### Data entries
————
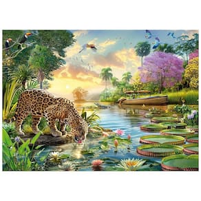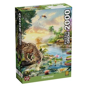 Este lindo quebra-cabeça do Pantanal, mesmo sendo um dos menores biomas existentes do Brasil, também é extremamente rico em sua fauna. E ele é considerado o bioma mais preservado do Brasil.Esta imagem transmite calma, onde apenas conseguimos imaginar o som dos pássaros da correnteza do rio.Monte este paraíso do Pantanal, que em cada peça encaixada sinta a beleza de nosso bioma Dimensões aproximadas 70,4 x 97,8 cmContém 1998 peçasA partir de 12 anos
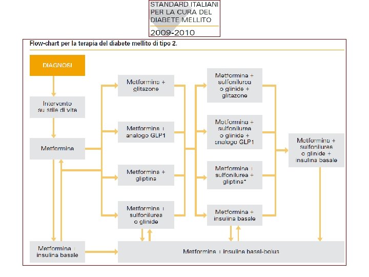 Consensus Statement ADA/EASD 2009 Algoritmo terapeutico del DMT 2 Tier 1: well validated core therapies Lifestyle + Metformin + Basal insulin Diagnosis: Lifestyle + Metformin + Intensive insulin Lifestyle + Metformin + Sulfonylurea Step 1 Step 2 Step 3 Tier 2: Less well validated core therapies Lifestyle + Metformin + Pioglitazone (No hypoglycemia /edema (CHF)/ bone loss) Lifestyle + Metformin + GLP-1 agonist b (no hypoglycemia/weight loss /nausea/vomiting ) Lifestyle + Metformin + Pioglitazone + Sulfonylurea a Lifestyle + Metformin + Basal Insulin
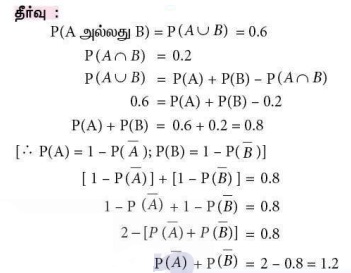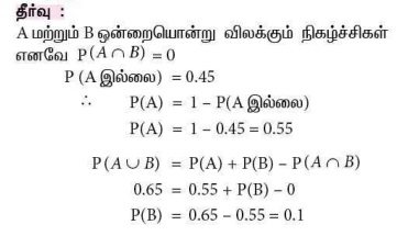 3. ஒரு சமவாய்ப்புச் சோதனையில் A, B ஆகியவை ஒன்றையொன்று விலக்கும் நிகழ்ச்சிகள். மேலும் P(Aஇல்லை) = 0.45, P (A U B) = 0.65 எனில், P (B) -ஐக் காண்க.
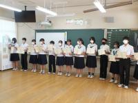 オンラインで行われた全校集会では、ここまでに開催された県大会の各入賞チーム・選手の表彰披露がありました。ブロック大会を勝ち抜き、1つ上の大会で戦ったみなさん、お疲れさまでした。
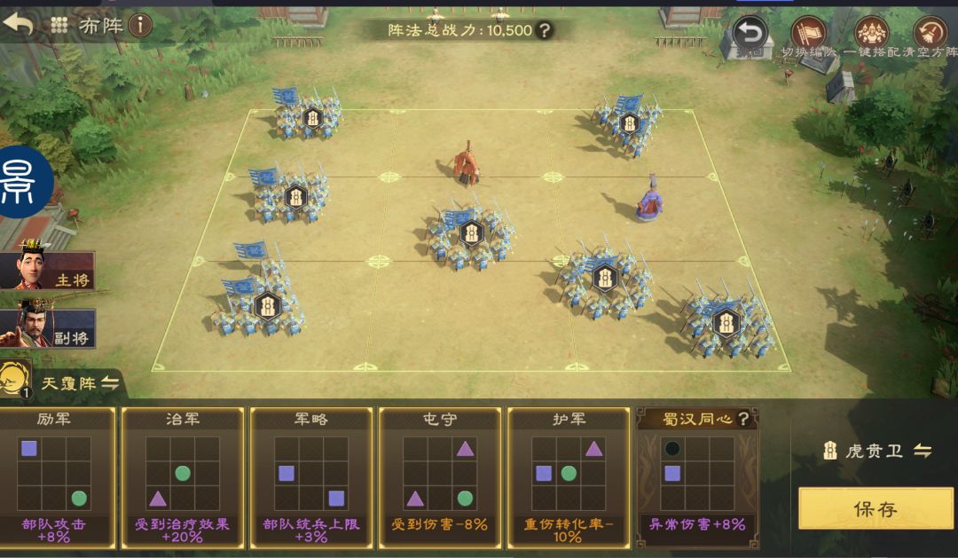 阵法主要基于主将进行选择,如果与刘备、许褚构建队伍,可选择天覆阵,释放技能后概率治疗自身部队(刘备、许褚均可提供治疗),维持队伍兵力健康。
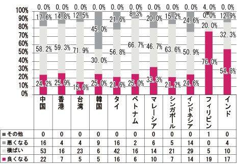 Regarding economic outlook by country/region, the Philippines had the highest percentage of respondents expecting "improvement" (76%). Reasons included "It's attracting global attention, and foreign capital inflows will likely increase," and "It seems more mid-sized and larger local corporations are being established," reflecting a tangible sense of the favorable economic situation. India also exceeded half at 55%. Outside the Philippines, ASEAN countries showed subdued "improve" responses ranging from 20% to 35%. In Indonesia, facing general and presidential elections, negative opinions like "impact is unpredictable" were prevalent, with "deteriorate" (25%) being the highest in ASEAN.
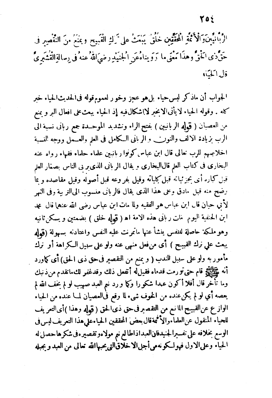 الجواب أن ما ذكر ليس حياء بل هو عجز وخور لعموم قوله في الحديث: الحياء خبر كله. وقوله الحياء لا يأتي إلا بخير لا إشكال فيه إذ الحياء يبعث على أفعال البر ويمنع من العصيان. قول، : (الربانيين) بفتح الراء وتشديد الموحدة جمع رباني نسبة إلى الرب بزيادة الألف والنون والرباني الكامل في العلم والعمل ووجه النسبة إخلاصهم للرب تعالى قال ابن عباس: كونوا ربانيين علماء حلفاء فقهاء رواه عنه البخاري في كتاب العلم قال البخاري ويقال الرباني الذي يربي النّاس بصغار العلم قبل كباره أي بجزئياته قبل كلياته وقيل: بفروعه قبل أصوله وقيل: مقاصده وبما وضح منه قبل ما دق وعلى هذا الذي يقال فالرباني منسوب إلى التربية وفي النهر لأبي حيان قال ابن عباس هو الفقيه ولما مات ابن عباس رضي الله عنهما قال محمد ابن الحنفية اليوم مات رباني هذه الأمة اهـ. قوله: (خلق) بضمتين ويسكن ثانيه وهو ملكه حاصله للنفس ينشأ عنها ما تمرنت عليه النفس واعتادته بسهولة. قوله: (ويبعث على ترك القبيح) أي من فعل منهى عنه ولو على سبيل الكراهة أو ترك مأمور به ولو على سبيل الندب (ويمنع من التقصير في حق ذي الحق) أي كما ورد أنه -صلى الله عليه وسلم- قام حتى تورمت قدماه فقيل له: أتفعل ذلك وقد غفر لك ما تقدم من ذنبك وما تأخر؟ قال: "أفلا أكون عبداً شكوراً" وكما ورد نعم العبد صهيب لو لم يخف الله لم يعصه أي لو لم يكن عنده من الخوف شيء لما وقع في العصيان لما عنده من الحياء الوازع عن القبيح المانع من التقصير في حق ذي الحق. قوله: (وهذا) أي التعريف للحياء المنقول عن العلماء والأئمة قال بعض المحققين: الحياء على هذا التعريف ليس في الوسع بخلافه على تفسير الجيد فإن العبد إذا طالع نعم مولاه وتقصيره في شكرها حصل له الحياء وعلى الأول فهو لكونه من أجل الأخلاق التي يحبها الله تعالى من العبد ويجبله
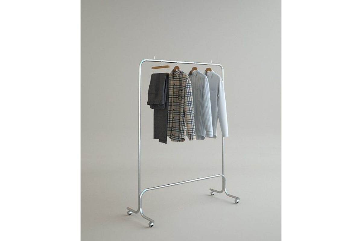 Вешало для одежды напольное одинарное, очень удобно как для магазинов одежды, площадь которых невелика, так и для больших торговых центров. Колеса дают возможность с легкостью передвигать вешало с товаром без особых усилий.
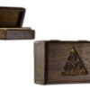 A wonderful, round topped, wooden box featuring a stylized Tree of Life carving covering the front and wrapping up over the top of the hinged lid. 7 x 5 x 4 1/2
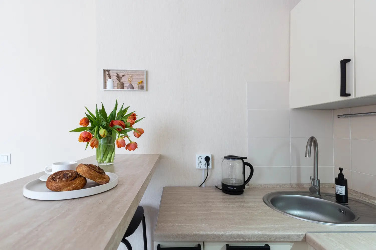 К услугам гостей квартира площадью 27 кв. м, оборудованная для проживания. К услугам гостей двуспальная кровать, с ортопедическим основанием, постельное бельё, полотенца, туалетные принадлежности, включая шампунь, мыло и гель для душа. Также в распоряжении гостей чай, сахар, Wi-Fi, телевизор со Смарт ТV, кондиционер, стиральная машина, плита, холодильник, микроволновая печь, электрочайник, фен, утюг, посуда и кухонные принадлежности для приготовления еды, в том числе: кастрюли, сковородки, тарелки, чашки, бокалы, стаканы, столовые приборы.
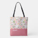 Abelhas... abelhinhas brancas. Abelhas de desenho animado voando com flores de bolhas em tons de rosa, laranja, verde e azul com folhas e caules dispersos. Personalize com seu nome ou mensagem em fonte de script branco cursivo definida em New York Pink.
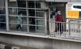 Penumpang berjalan menuju JPO Halte Transjakarta Cikoko Stasiun Cawang, Jakarta, Rabu (6/1). Pemerintah kembali memberlakukan pembatasan kegiatan masyarakat mulai 11 Januari hingga 25 Januari. Pengetatan kegiatan masyarakat ini dilakukan untuk menekan angka penularan Covid-19 yang semakin meningkat dalam beberapa pekan terakhir. (FOTO : Prayogi/Republika.)
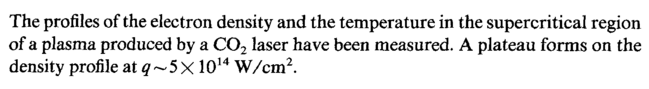 The profiles of the electron density and the temperature in the supercritical region of a plasma produced by a C02 laser have been measured. A plateau forms on the density profile at q ~ 5 X 1014 W/cm2.
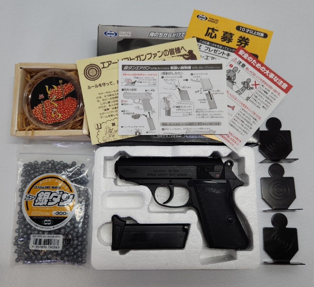 - △TOKYO MARUI(東京マルイ) POLICE PISTOL SS ワルサーPPK ニュー銀ダン(0.12BB弾)袋&0.12いくらBB弾 メタルマンターゲット3つ セット
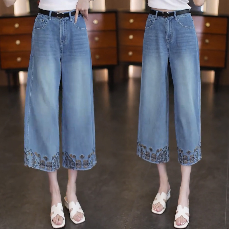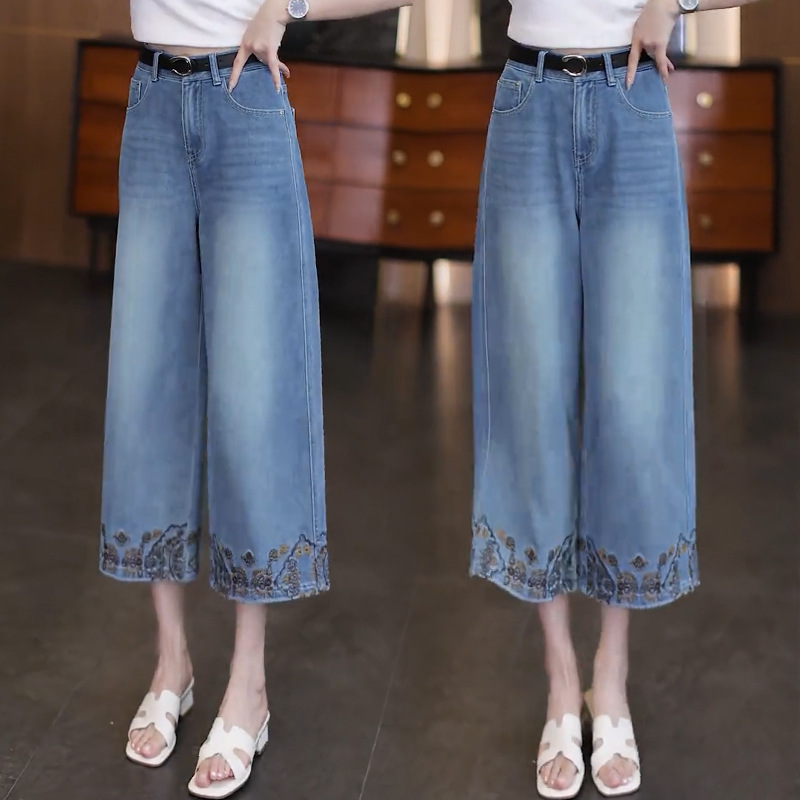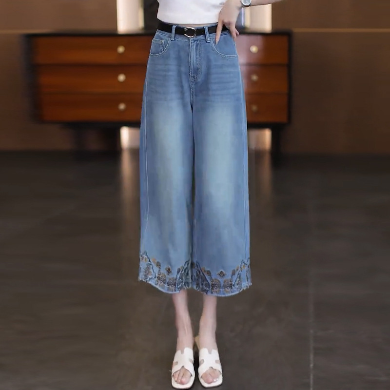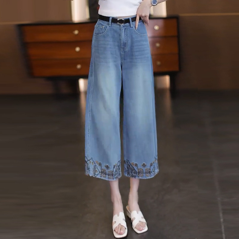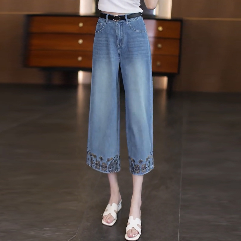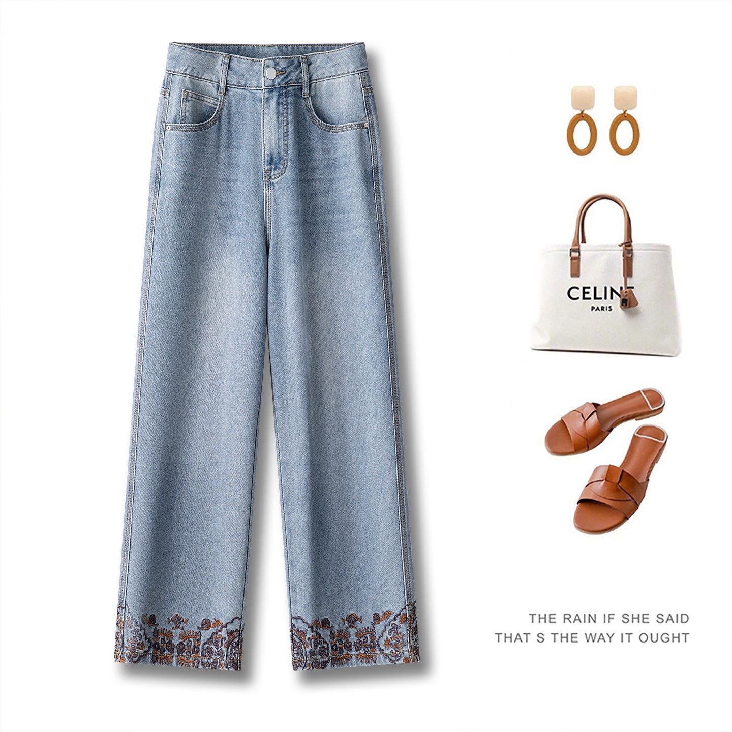 여성을위한 텐셀 소프트 데님 얇은 와이드 레그 청바지 2025 여름 새로운 하이 웨이스트 내셔널 스타일 자수 8 점 스트레이트 팬츠
————
### Exercise
Find the line with "A wonderful, round" and the line with "Abelhas... abelhinhas brancas." in the records above. Copy both and all lines between them exactly, without pictures.

### Written answer
 A wonderful, round topped, wooden box featuring a stylized Tree of Life carving covering the front and wrapping up over the top of the hinged lid. 7 x 5 x 4 1/2
 К услугам гостей квартира площадью 27 кв. м, оборудованная для проживания. К услугам гостей двуспальная кровать, с ортопедическим основанием, постельное бельё, полотенца, туалетные принадлежности, включая шампунь, мыло и гель для душа. Также в распоряжении гостей чай, сахар, Wi-Fi, телевизор со Смарт ТV, кондиционер, стиральная машина, плита, холодильник, микроволновая печь, электрочайник, фен, утюг, посуда и кухонные принадлежности для приготовления еды, в том числе: кастрюли, сковородки, тарелки, чашки, бокалы, стаканы, столовые приборы.
 Abelhas... abelhinhas brancas. Abelhas de desenho animado voando com flores de bolhas em tons de rosa, laranja, verde e azul com folhas e caules dispersos. Personalize com seu nome ou mensagem em fonte de script branco cursivo definida em New York Pink.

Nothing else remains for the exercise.